Okay okay okay, I know screen-shotting tweets is really lame, but I want to address a few things. First, what are you tweeting right now? What is SO important that you want to divert your attention from this band playing right in front of you to hop on your iPhone and tell the world? Can it wait? No? Oh, okay, well, what is it then? We should all most likely stop the entire show if you have some information that is so important you feel the need to share it with the entire world RIGHT NOW. What is it? Will you tell me too? I want to know about this monumentally important information! Oh, “The band is ‘Killing it’” ? That’s what is so important and pertinent that you need to divert your whole attention from the band that is ‘killing it’ to inform the world that they are in fact ‘killing it’? Well, but wait, what are they killing?
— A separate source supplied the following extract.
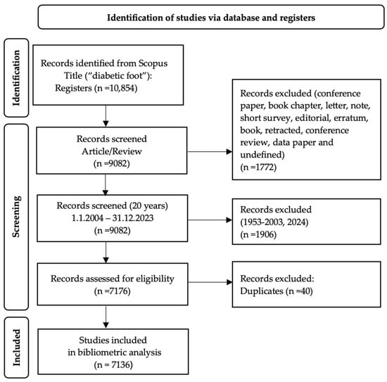 To carry out the bibliographic search, the MeSH term “diabetic foot” [51] was used, and it was executed using quotation marks (“”) in the title field to ensure a better fit to the subject of the data. Only articles and review documents were selected, as these are the ones that mainly receive citations, and any other types of records retrieved were excluded. There was no language restriction. The search was later on limited to the period between 1 January 2004 and 31 December 2023, spanning the last two decades. The year 2024 was not included as the search was conducted on 28 July 2024. The strategy executed was as follows: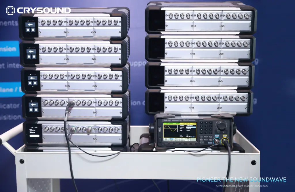 Next to the main venue, CRYSOUND set up ten booths to highlight both its latest innovations and classic products. The live demonstration of ten networked SonoDAQ units became a key attraction, featuring PTP precision synchronization with under 100 ns inter-device latency, modular expansion, and intelligent LED backplane indicators, fully showcasing the system’s high-precision distributed acquisition capabilities.

Is there a monster being slain behind the drum set that I can’t see from this angle? Because that’s rad! I hate the very real threat of monsters as much as the next guy and would love to inform the world that we are one less and have this band to thank for it. Nope? Not Godzilla? What is it then? Are they killing a unicorn? That’s fucked up! Those are #rare majestic beasts! I want to tell the world that this band is a bunch of miracle hating jerks! Could you be a bit more descriptive? No?
You, my mid-show-tweeting friend are the miracle hating jerk. You are in front of me, for one, which is how I can see you tweeting and I think I deserve that position more than you now because you clearly aren’t enjoying the show enough to pay attention. Secondly, isn’t it just commonly understood by now that it a show taboo to tweet while the band is playing? You’re totally ‘That dude’ and nobody wants to be ‘That guy’ not even the dude who is ‘That guy’. You might as well be filming the show on your iPad (Which I’ve actually seen, and, I’m just throwing this out there: If you think you have the right to block my view by filming or taking pictures with an iPad, then I think I am entitled to use the screen as a Nerf-Gun™ target. And I lick the ends of the suction cups FIRST, so they are extra suction-y. Just sayin…)
Look I know you are limited to 140 characters, but I am pretty sure you can come up with something a bit more inventive than simply accusing a band of murder. I mean, that’s a heavy accusation! Like, you go jail for a way long time for that! And I’m sure you are not trying to publicly wave the fed flag informing everyone that you are that jerk that’s on your phone during a show and are also horrible at giving concise analysis of anything in 140 characters or less. Just stop. Honestly, if you need to inform people that you attended a show and had fun, simply tweet afterwards that you went to X show and had a lot of fun. That is way more respectable, it’s humble, and it’s not INSANELY RUDE TO THE BAND THAT YOU SAW PLAY.
Maybe I am just old (23) and jaded… I dunno, but, come on. There should be no similar descriptive text among Metz through Kanye. Friends don’t let friends tweet during shows.